▸ **ASSIGNMENT**
The full listing is to be transcribed exactly, with each picture left out.
########################################
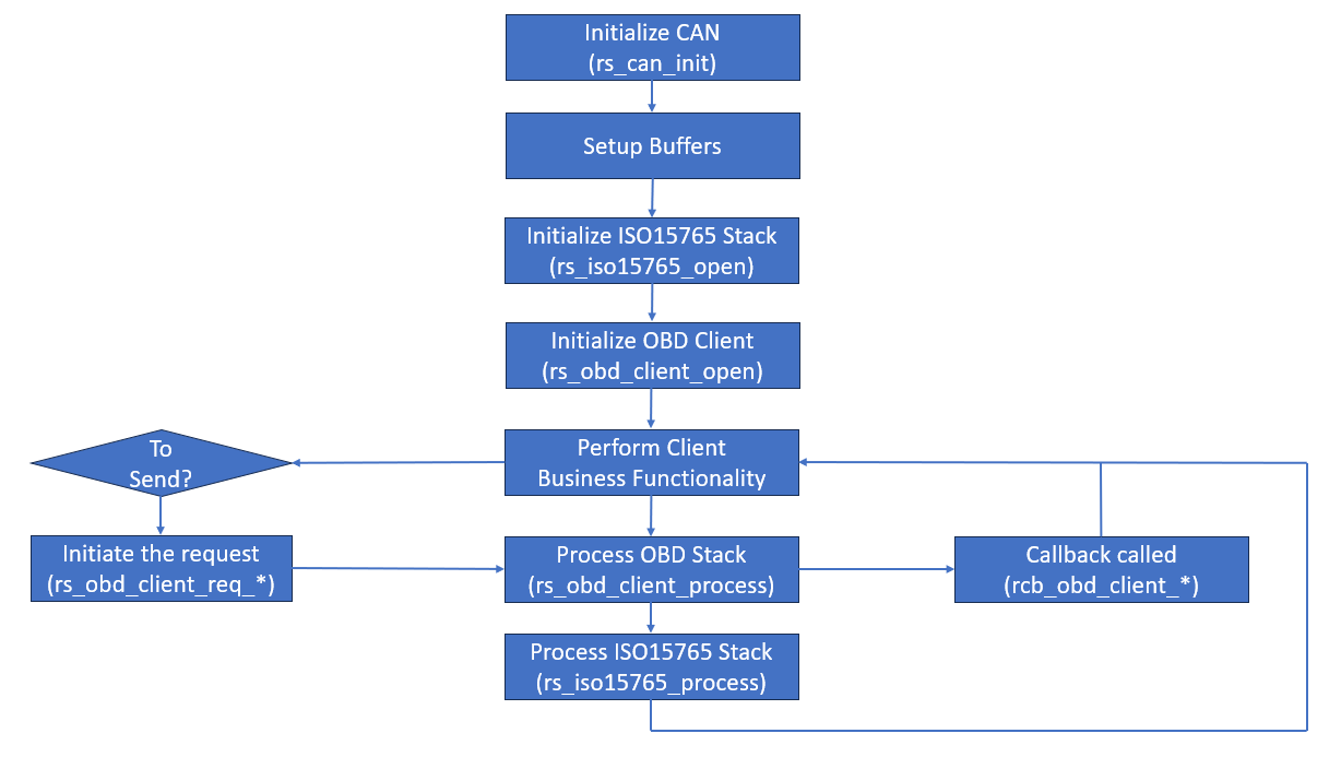 While the RAPIDSEA OBD-II client stack can handle most of the functionality such as message validation, session management, timing control etc, the business logic has to implement the application functionality. The RAPIDSEA OBD-II client clearly defines API and callback functions that are essential for the user to use/implement.
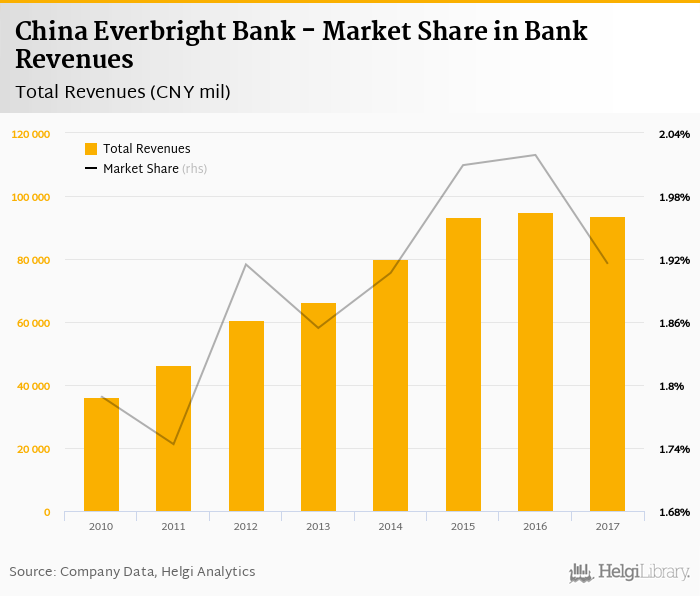 As a result, China Everbright Bank accounted for 1.92% of all bank revenues generated by banks in China in 2017. Historically, the bank’s market share in total revenues reached an all time high of 2.02% in 2016 and an all time low of 1.74% in 2011.
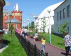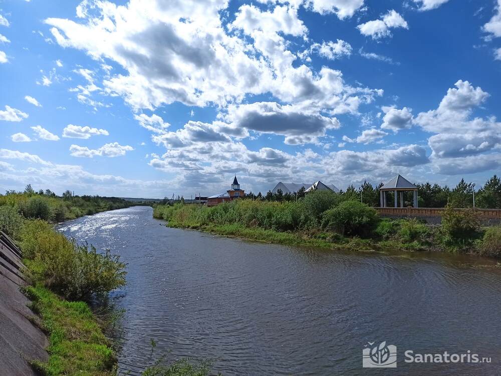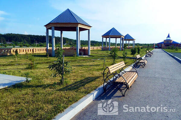 Радом с комплексом протекает живописная речка Пышма. Общая площадь курорта составляет около 30 гектаров. Все сооружения выполнены в готическом дизайне. Гости могут прогуляться по мосту, который проходит через реку. На территории здравницы есть детская зона, церковь, множество деревянных беседок и лавочек для отдыха. Ухоженная территория утопает в зелени. Вокруг произрастает хвойный лес, шумит река.
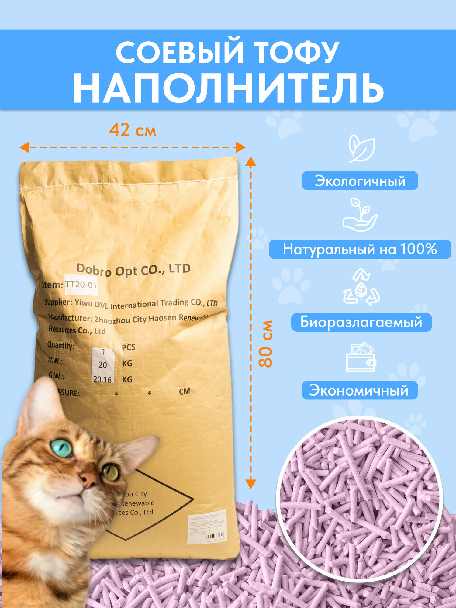 СохранитьНаполнитель для кошачьего туалета, TOOCATTISH, Лаванда, 20 кг, 48 л, тофу, комкующийся, соевый, смываемый интересное:
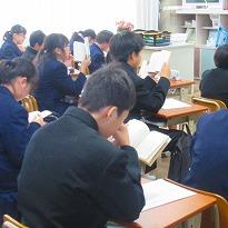 (朝の読書活動 15分間、担任も集中して読書をしています)
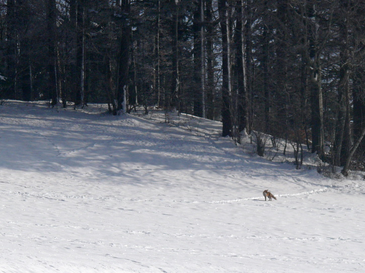 Kurz vor Silzberg streicht ein einsamer Fuchs durchs Gelände
########################################
▸ **EXPECTED ANSWER**
 While the RAPIDSEA OBD-II client stack can handle most of the functionality such as message validation, session management, timing control etc, the business logic has to implement the application functionality. The RAPIDSEA OBD-II client clearly defines API and callback functions that are essential for the user to use/implement.
 As a result, China Everbright Bank accounted for 1.92% of all bank revenues generated by banks in China in 2017. Historically, the bank’s market share in total revenues reached an all time high of 2.02% in 2016 and an all time low of 1.74% in 2011.
 Радом с комплексом протекает живописная речка Пышма. Общая площадь курорта составляет около 30 гектаров. Все сооружения выполнены в готическом дизайне. Гости могут прогуляться по мосту, который проходит через реку. На территории здравницы есть детская зона, церковь, множество деревянных беседок и лавочек для отдыха. Ухоженная территория утопает в зелени. Вокруг произрастает хвойный лес, шумит река.
 СохранитьНаполнитель для кошачьего туалета, TOOCATTISH, Лаванда, 20 кг, 48 л, тофу, комкующийся, соевый, смываемый интересное:
 (朝の読書活動 15分間、担任も集中して読書をしています)
 Kurz vor Silzberg streicht ein einsamer Fuchs durchs Gelände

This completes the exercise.